I made some cry of pain, and Aunt Bridget said:
"Oh, I know what you're going to say—why doesn't he wait? I'll tell you why if you'll promise not to whisper a word to any one. Your father is a sick man, my dear. Let him say what he likes when Conrad talks about cancer, he knows Death's hand is over him. And thinking it may fall before your time has come, he wants to take time by the forelock and see a sort of fulfilment of the hope of his life—and you know what that is."
It was terrible. The position in which I stood towards my father was now so tragic that (wicked as it was) I prayed with all my heart that I might never look upon his face again.
I was compelled to do so. Three days after Aunt Bridget's visit my father came to see me. The day was fine and I was walking on the lawn when his big car came rolling up the drive.
I was shocked to see the change in him. His face was ghastly white, his lips were blue, his massive and powerful head seemed to have sunk into his shoulders, and his limbs were so thin that his clothes seemed to hang on them; but the stern mouth was there still, and so was the masterful lift of the eyebrows.
Coming over to meet me with an uncertain step, he said:
"Old Conrad was for keeping me in bed, but I couldn't take rest without putting a sight on you."
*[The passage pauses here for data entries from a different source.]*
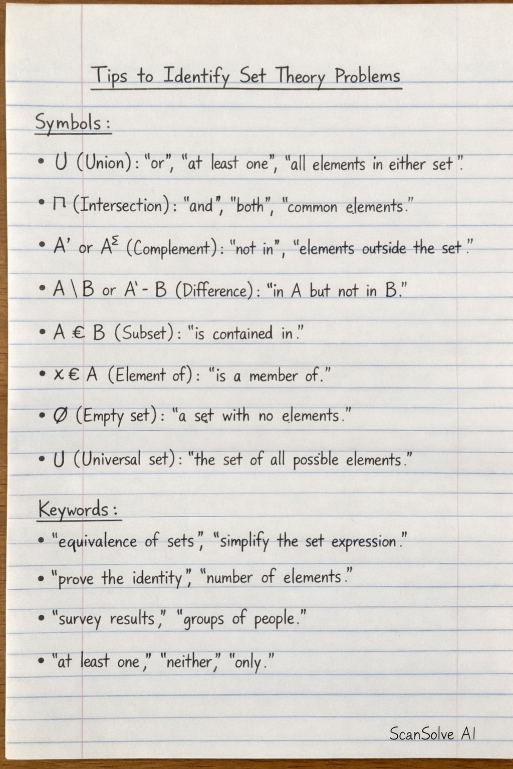 Tips to Identify Set Theory Problems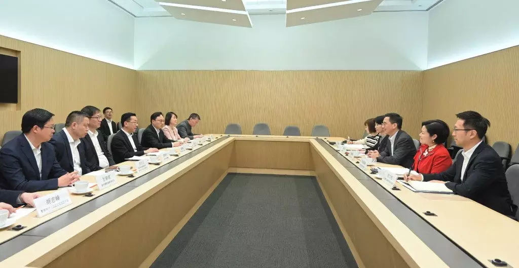 楊潤雄與貴州省委常委、省委宣傳部部長盧雍政(左四)和代表團會面。旅遊事務專員沈鳳君(右四)及文化體育及旅遊局副秘書長郭黃穎琦(右二)亦有出席。政府新聞處圖片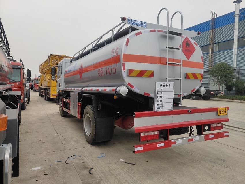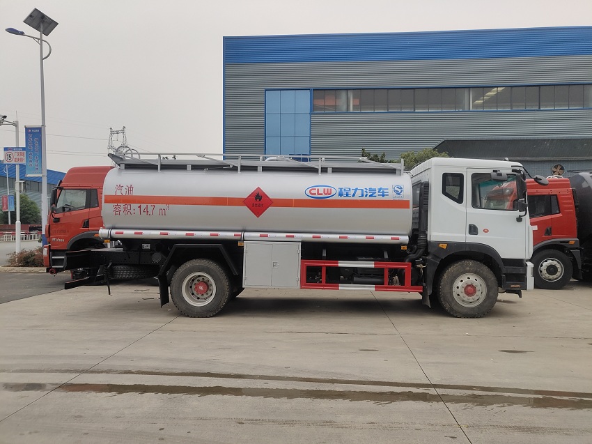 上裝配置:程力公告14.7方,實際容積16立方,可裝柴油13.3噸,嚴(yán)格按照公告尺寸進(jìn)行生產(chǎn),歐標(biāo)一套:海底閥、歐標(biāo)罐口、下裝油口、油氣回收、防溢流探桿。單倉帶泵,正星大流量加油機(jī)1臺帶15米自動回位卷盤,帶靜電盤,帶折疊護(hù)欄,走道,爬梯。所有鎖用歐式鎖扣,帶安全告示牌,新式后保險杠,配一個防火帽,兩根罐體等長輸油管,兩個滅火器,其余標(biāo)配油漆:銀粉色,貼反光條,反光貼,安全告示。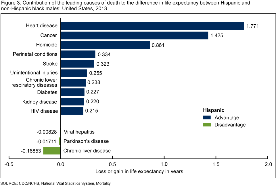 - Lower death rates for Hispanic males due to heart disease, cancer, homicide, perinatal conditions, stroke, unintentional injuries, chronic lower respiratory diseases, diabetes, kidney disease, and HIV disease (Figure 3) accounted for 78.9% of the Hispanic male advantage.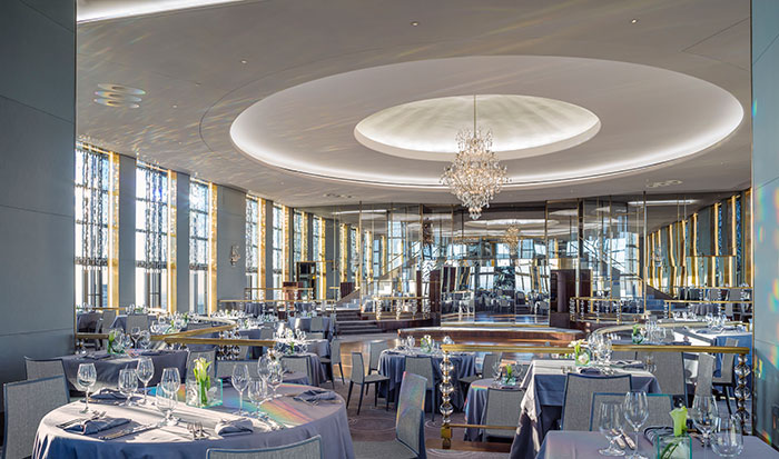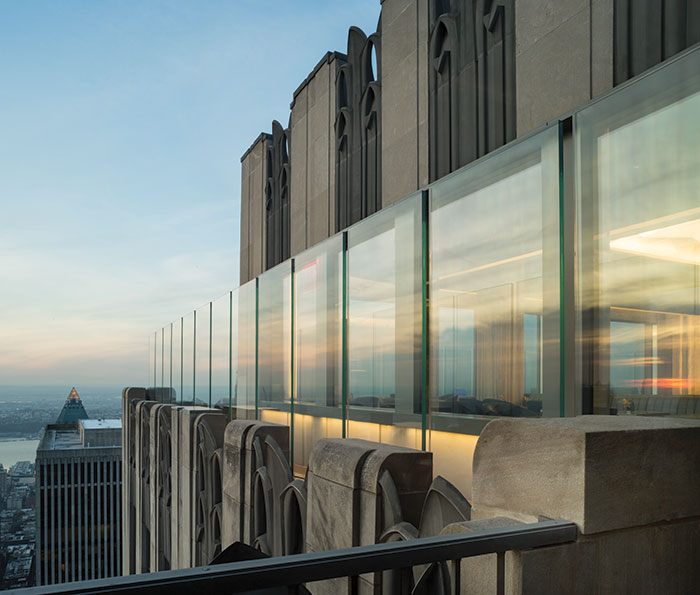 The architects incorporated several custom designed elements that carry forward the memory of the celebrated space while satisfying the present programmatic needs. In the Rainbow Room, a revitalization of the rotating dance floor, mesmerizing crystal window veils lining the 15-foot windows and restoration of the historic chandelier and central dome reinforce the intention of creating modern day grandeur. Custom designed carpet and furniture is featured throughout the 65th floor. In SixtyFive, afaceted ceiling made of glass reinforced gypsum panels anchors the center of the space, reinterpreting the feeling of open-air height the room once had when it was an open air sun parlor in 1934. Structurally, the window apertures in the Pavilion were modified to recreate the experience of this expansive viewing portal.

After that, and some plain speech out of the primitive man he always was and will be (about it's being good for a woman to have children because it saved her from "losing her stomach" over imaginary grievances), he led me, with the same half-contemptuous tenderness which he used to show to my mother, back to the house and into the drawing-room.
Alma and her mother were there, the one writing at a desk, the other knitting on the sofa, and they rose as my father entered, but he waved them back to their places.
"Set down, ma'am. Take your seat, mother. I'm only here for a minute to talk to my gel about her great reception."